* **Information shown**
● ● ● ● ●

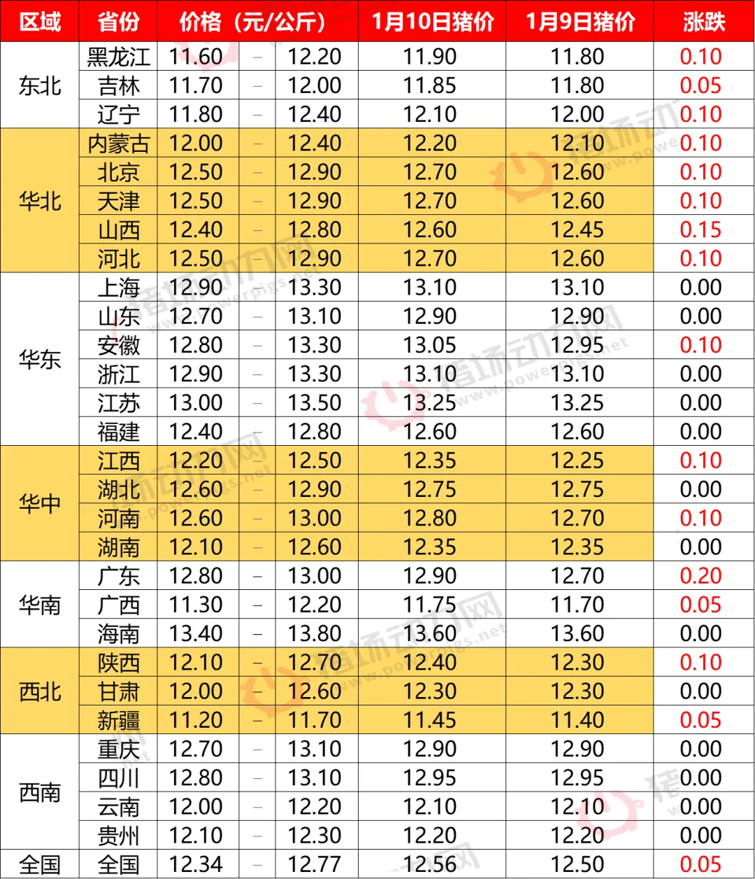 1月10日全国猪价整体上涨【动力猪价】
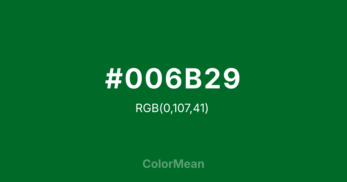 #006B29 RGB value is (0, 107, 41). The hex color red value is 0, green is 107, and blue is 41. Its HSL format shows a hue of 143°, saturation of 100 percent, and lightness of 21 percent. The CMYK process values are 100 percent, 0 percent, 62 percent, 58 percent.
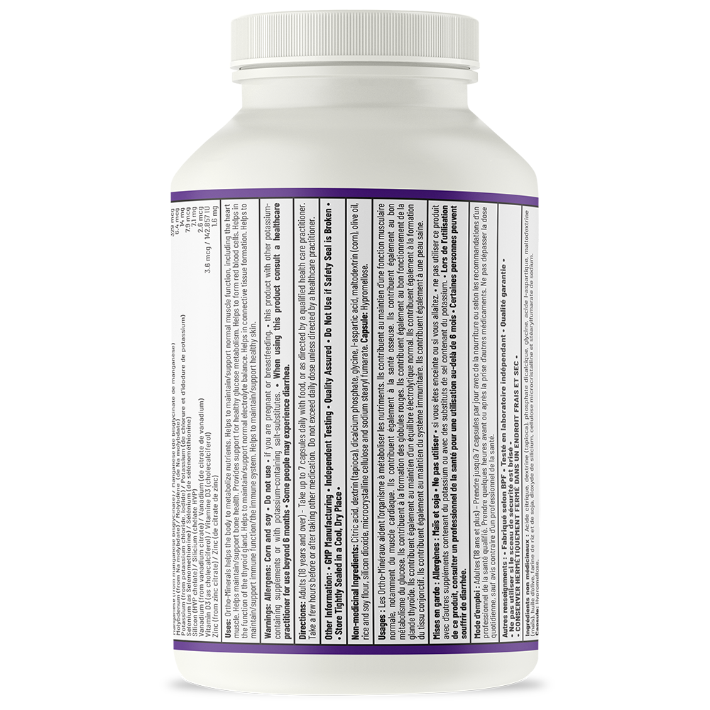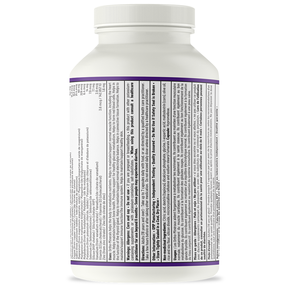 Minerals play a crucial part in countless bodily functions, from nutrient metabolism, bone and teeth development, and healthy muscle function—including the heart—to supporting glucose metabolism, connective tissue repair, red blood cell formation, thyroid function, and immune defense.* Ortho Minerals also contributes to energy production, tissue formation, antioxidant protection, and the maintenance of healthy skin, hair, and nails.* With its carefully balanced ratios and high-quality forms of each ingredient, Ortho Minerals is an ideal choice for anyone seeking to restore and maintain optimal mineral levels for overall wellness.

● ● ● ● ●

* **What is required**
Give back the full listing verbatim, skipping each picture.

* **Response below**
 1月10日全国猪价整体上涨【动力猪价】
 #006B29 RGB value is (0, 107, 41). The hex color red value is 0, green is 107, and blue is 41. Its HSL format shows a hue of 143°, saturation of 100 percent, and lightness of 21 percent. The CMYK process values are 100 percent, 0 percent, 62 percent, 58 percent.
 Minerals play a crucial part in countless bodily functions, from nutrient metabolism, bone and teeth development, and healthy muscle function—including the heart—to supporting glucose metabolism, connective tissue repair, red blood cell formation, thyroid function, and immune defense.* Ortho Minerals also contributes to energy production, tissue formation, antioxidant protection, and the maintenance of healthy skin, hair, and nails.* With its carefully balanced ratios and high-quality forms of each ingredient, Ortho Minerals is an ideal choice for anyone seeking to restore and maintain optimal mineral levels for overall wellness.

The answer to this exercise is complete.